Assim como estas correntes historiográficas, nosso propósito neste artigo é também fazer uma reflexão sobre uma fonte fílmica, buscando compreender seus confrontos e suas contribuições para a pesquisa em História.

O filme que iremos trabalhar chama-se Germinal, de 1993, dirigido por Claude Berri e baseado no romance de mesmo nome escrito por Émile Zola no final do século XIX. A história refere-se ao cotidiano de exploração sofrido pelos trabalhadores de várias minas de carvão na região de Montsou, França. Baixos salários, exaustivas jornadas e péssimas condições de trabalho são alguns dos pontos apresentados na obra. Mesmo com todas essas privações, a vida continuava em "Deux–cen–quarante", a vila de trabalhadores das minas Voreux, Jean-Bart e adjacências. Contudo, aos poucos os ânimos foram se acirrando, os mineiros começaram a ter consciência que a forma de vida que levavam não era algo natural, que enquanto eles penavam por pão e água ao fim do dia, os burgueses comiam carnes e biscoitos. O momento chave desses trabalhadores foi uma súbita redução de seus salários, que por sinal já eram baixíssimos. A alegação dada pelos burgueses para o acontecimento era a crise que o mundo capitalista estava vivendo, marcada pela superprodução de mercadorias e pela falta de mercados consumidores. Entretanto, os já desgastados proletários não agüentavam mais aquela situação e resolveram ir à luta, reivindicar seus direitos, entrar em greve.

Diversas são as abordagens e as possibilidades de discussão a partir deste tipo de fonte. A temática sobre a luta do operariado contra a exploração e por melhores condições de vida e trabalho é algo mais recente do que nunca, sendo constantes as notícias nos meios de comunicação sobre greves dos trabalhadores. Levando em consideração essas questões e, principalmente, o contexto de produção do filme Germinal (início dos anos 1990, período marcado por uma série de greves operárias - 1992 servidores públicos na Alemanha, 1993, empregados do transporte aéreo na França e outras[9] - motivadas pelas reformas neoliberais promovidas pelos Estados nacionais europeus, que aos poucos iam extinguindo direitos sociais e vantagens tradicionais adquiridas pelos proletários através de anos de luta e reivindicação),poderíamos trabalhar com a perspectiva defendida por Marc Ferro, embora hoje vivamos no capitalismo pós-escassez, cujos trabalhadores não presenciam as mesmas condições do passado apresentado nas obras – exceto os mais explorados, os lumpem dos séculos XX e XXI. Segundo ele, o filme fala mais do período de sua produção do que propriamente do recorte histórico que está sendo abordado, sendo por isso um agente conscientizador ou denunciador de sua realidade temporal. Ou seja, "o filme é um agente da história, e não só um produto".[10]

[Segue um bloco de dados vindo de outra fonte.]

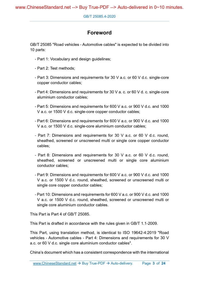 Similar standardsGB/T 25085.4-2020: Road vehicles--Automotive cables - Part 4: Dimensions and requirements for 30 V a. c. or 60 V d. c. single-core aluminium conductor cables---This is an excerpt. Full copy of true-PDF in English version (including equations, symbols, images, flow-chart, tables, and figures etc.), auto-downloaded/delivered in 9 seconds, can be purchased online: https://www.ChineseStandard.net/PDF.aspx/GBT25085.4-2020 Road vehicles - Automotive cables - Part 4.Dimensions and requirements for 30V acor 60V dcsingle-core aluminium conductor cables ICS 43.040.10 T36 National Standards of People's Republic of China Road vehicles and automotive cables. Part 4.Dimensions and requirements of AC 30V or DC 60V single-core aluminum conductor cables 2020-07-21 released 2021-02-01 implementation State Administration for Market Regulation Issued by the National Standardization Management Committee Table of ContentsPreface Ⅲ 1 Scope 1 2 Normative references 1 3 Terms and definitions 1 4 General requirements 1 4.1 General test conditions 1 4.2 Safety precautions 2 4.3 Voltage range 2 4.4 Temperature class 2 4.5 Conductor material 2 4.6 Conductor 3 4.7 Insulation thickness 3 4.8 Cable outer diameter 3 4.9 Representative conductor specifications for test 3 4.10 Test items and requirements 3 5 Technical requirements 5 5.1 General 5 5.2 Dimension check 5 5.3 Electrical performance test 6 5.4 Mechanical performance test 6 5.5 Environmental test 8 Appendix A (informative appendix) Conductor specifications, number of filaments and filament diameter 12 Appendix NA (informative appendix) Product model list 15 Reference 16 Preface GB/T 25085 "Road Vehicle Automotive Cable" is expected to be divided into 10 parts. ---Part 1.Vocabulary and design guide; ---Part 2.Test method; ---Part 3.Dimensions and requirements of AC 30V or DC 60V single-core copper conductor cables; ---Part 4.AC 30V or DC 60V single core aluminum conductor cable size and requirements; ---Part 5.Dimensions and requirements of AC 600V or DC 900V, AC 1000V or DC 1500V single-core copper conductor cables; ---Part 6.Dimensions and dimensions of AC 600V or DC 900V, AC 1000V or DC 1500V single-core aluminum conductor cables Claim; ---Part 7.Dimension and size of shielded and unshielded multi-core and single-core copper conductor cables with AC 30V or DC 60V round sheath Claim; ---Part 8.Dimensions and dimensions of shielded and unshielded multi-core and single-core aluminum conductor cables with AC 30V or DC 60V round sheath Claim; ---Part 9.Shielded and unshielded for AC 600V or DC 900V, AC 1000V or DC 1500V circular sheath The size and requirements of multi-core and single-core copper conductor cables; ---Part 10.Shielded and unshielded round sheaths of AC 600V or DC 900V, AC 1000V or DC 1500V The size and requirements of multi-core and single-core aluminum conductor cables. This part is Part 4 of GB/T 25085. This section was drafted in accordance with the rules given in GB/T 1.1-2009. The translation method used in this part is equivalent to the adoption of ISO 19642-4.2019 ``Road vehicles and automotive cables Part 4.AC 30V or direct Dimensions and requirements of 60V single-core aluminum conductor cable. The Chinese documents that have a consistent correspondence with the international documents cited in this section are as follows. ---GB/T 228.1-2010 Tensile Test of Metallic Materials Part 1.Room Temperature Test Method (ISO 6892-1.2009, MOD) This section has made the following editorial changes. ---Moved the warning of ISO 19642-4.2019 to 4.2 of this part; --- Use "√" instead of "×" (see Table 3); --- Use "plus" instead of "" (see Table 3, 5.5.3, 5.5.4); --- Replace "×" with "-" (see Table 4, Table 6, Table 7, Table 8, Table A.1, Table A.2); ---Added some notes, giving reference information about relevant domestic standards (see 4.5 note 2, footnote a in Table 2); ---Added informative appendix NA "Product Model List"; ---Revised references. This part was proposed by the Ministry of Industry and Information Technology of the People's Republic of China. This part is under the jurisdiction of the National Automotive Standardization Technical Committee (SAC/TC114). Drafting organizations of this section. Shanghai Fuerxin Wire & Cable Co., Ltd., Changsha Automobile Electric Research Institute, FAW Jiefang Automobile Co., Ltd., Great Wall Motors Co., Ltd., Geely Automobile Research Institute (Ningbo) Co., Ltd., SAIC Volkswagen Co., Ltd., Changchun Bulb & Wire Co., Ltd., Mande Electronic Appliance Co., Ltd. Baoding Xushui Electric System Branch, Sichuan Fanhua Electric Co., Ltd., Henan Tianhai Electric Co., Ltd. The main drafters of this section. Wang Yadong, Li Guoyu, Huo Tianyu, Hu Mengjiao, Li Weiyang, Li Guohui, Wang Sufeng, Zhang Guangyong, Wang Yanwen, Zhang Jie, Zhai Zhixin, Lu Yong, Wang Rongxi, Chen Lingling, Li Qingsen. Road vehicles automotive cables part 4. AC 30V or DC 60V single core Dimensions and requirements of aluminum conductor cables 1 Scope This part of GB/T 25085 specifies that the nominal system voltage for general-purpose road vehicles shall not exceed AC 30V or DC 60V. The size and requirements of core aluminum conductor cables. This section applies to single-core cables for road vehicles, as well as to cores in multi-core cables. 2 Normative references The following documents are indispensable for the quotation of this document. For dated reference documents, only the dated version applies to this article Pieces. For undated references, the latest version (including all amendments) applies to this document. 3 Terms and definitions The terms and definitions defined by ISO 19642-1 apply to this document. 4 General requirements 4.1 General test conditions Should be tested in accordance with the provisions of Table 3 under the test conditions specified in ISO 19642-2. If both parties agree to modify or change the test methods and requirements, all changes and modifications shall be recorded. 4.2 Safety precau
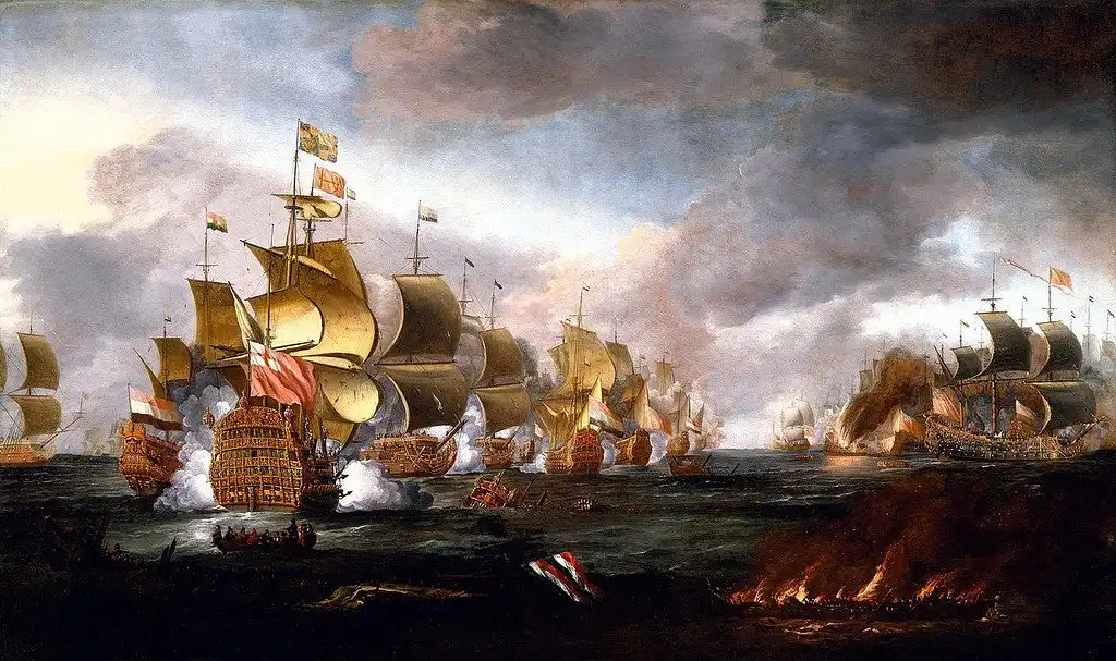 28 июля, наконец, последовало долгожданное объявление войны между двумя странами. Первая англо-голландская война длилась почти два года. Боевые действия происходили не только в водах Северного и Средиземного морей, но и в отдаленных колониальных регионах. Поначалу успех сопутствовал голландцам, однако в 1653 г. их флот потерпел два серьезных поражения. 12–13 июня Тромп был разбит «морским генералом» Джорджем Монком у банки Габбард. Во время сражения англичане в отличие от голландцев старались держаться четкой кильватерной колонной, хотя выходило это не у всех. Их противники сражались по старинке. Итогом была потеря 6 и захват 11 голландских кораблей при весьма несущественных потерях в людях у англичан. 10 августа того же года последовал в целом не удачный бой у Схевенингена, где Мартен Тромп был сражен пулей с английского корабля. Морская торговля несла колоссальные убытки: с начала войны голландцы лишились почти 1600 торговых судов, катастрофически снизился ввоз рыбы. Голландские купцы уже намозолили себе пальцы о костяшки счетов вычислительными операциями по изучению убытков, и они готовы были мириться. Черт с ним, с этим Навигационным актом и правом салюта, зато бизнес не рухнет. 8 мая 1654 г. между двумя странами подписывается Вестминстерский мир, согласно которому Нидерланды признавали Навигационный акт.

De outra maneira, por se tratar de uma adaptação de um romance produzido no final do século XIX, poderíamos também trabalhar com a perspectiva defendida por Robert Rosenstone, que busca analisar como o cinema se apropria do passado e o representa. Ou seja, diferentemente da abordagem anterior, que busca compreender as relações do filme com o seu presente, Rosenstone passa a analisar a forma como o próprio passado é apresentado no cinema e quais as implicações das mudanças e adaptações que são feitas nos fatos[11].

Apesar de apresentarmos algumas propostas possíveis de serem trabalhadas, nossa análise será outra. Não estamos afirmando que iremos trazer uma nova metodologia ou uma forma antagônica de discussão, mas, ao contrário, procuraremos selecionar, na medida do possível, os pontos essenciais que acharmos relevante de cada corrente historiográfica pesquisada.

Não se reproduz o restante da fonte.